INFORMATION PROVIDED:
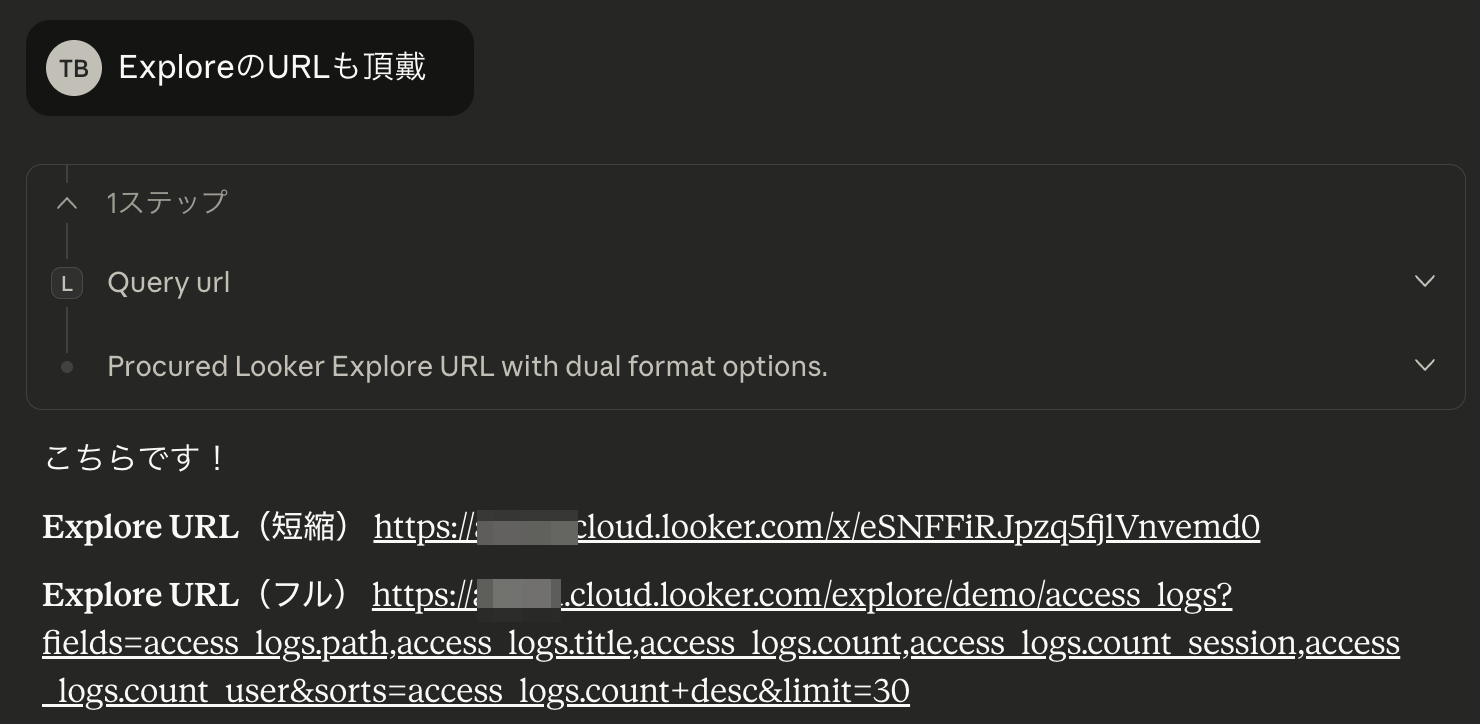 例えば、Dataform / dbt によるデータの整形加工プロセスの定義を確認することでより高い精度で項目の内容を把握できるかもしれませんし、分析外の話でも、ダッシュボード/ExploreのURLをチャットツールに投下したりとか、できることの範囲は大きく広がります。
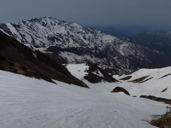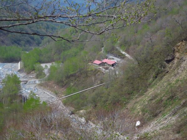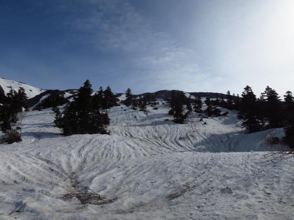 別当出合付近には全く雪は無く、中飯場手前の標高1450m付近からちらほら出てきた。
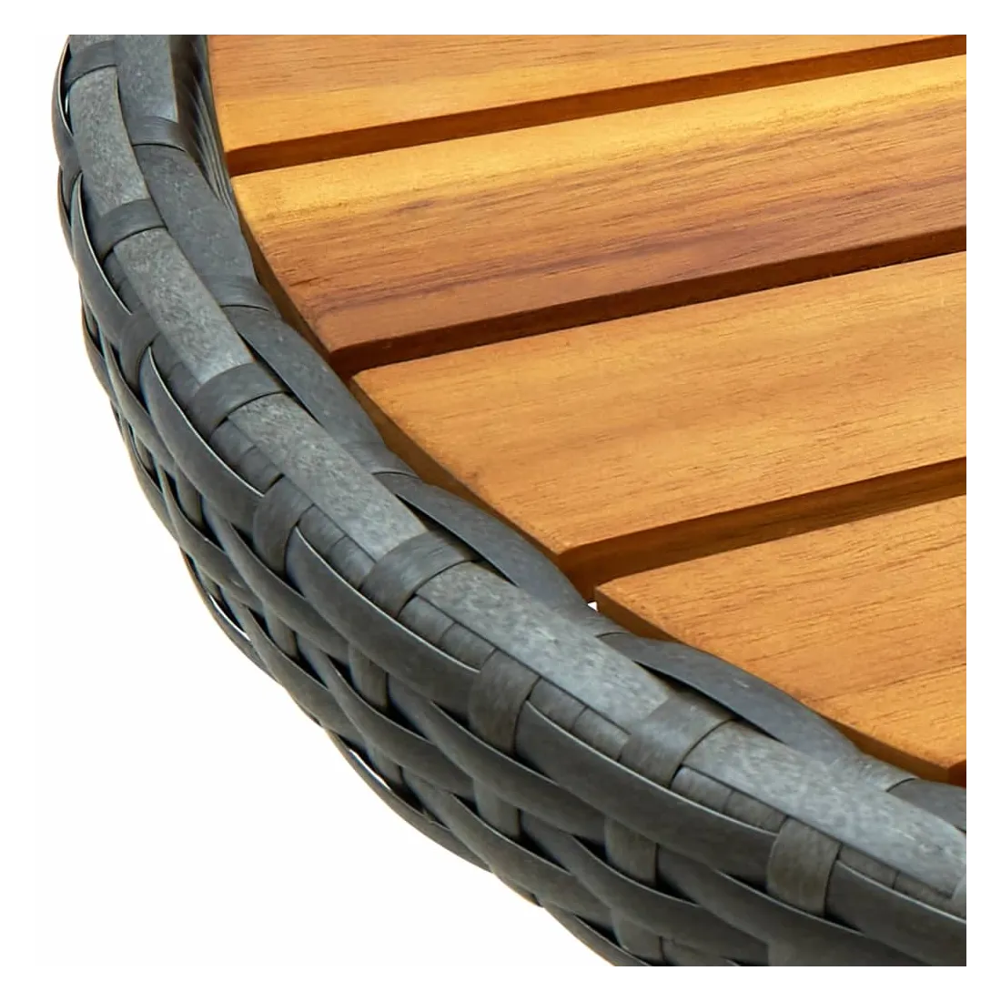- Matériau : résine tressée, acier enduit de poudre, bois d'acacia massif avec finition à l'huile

EXERCISE AIM:
Return all the data above as written, leaving out only the pictures.

TASK RESPONSE:
 例えば、Dataform / dbt によるデータの整形加工プロセスの定義を確認することでより高い精度で項目の内容を把握できるかもしれませんし、分析外の話でも、ダッシュボード/ExploreのURLをチャットツールに投下したりとか、できることの範囲は大きく広がります。
 別当出合付近には全く雪は無く、中飯場手前の標高1450m付近からちらほら出てきた。
- Matériau : résine tressée, acier enduit de poudre, bois d'acacia massif avec finition à l'huile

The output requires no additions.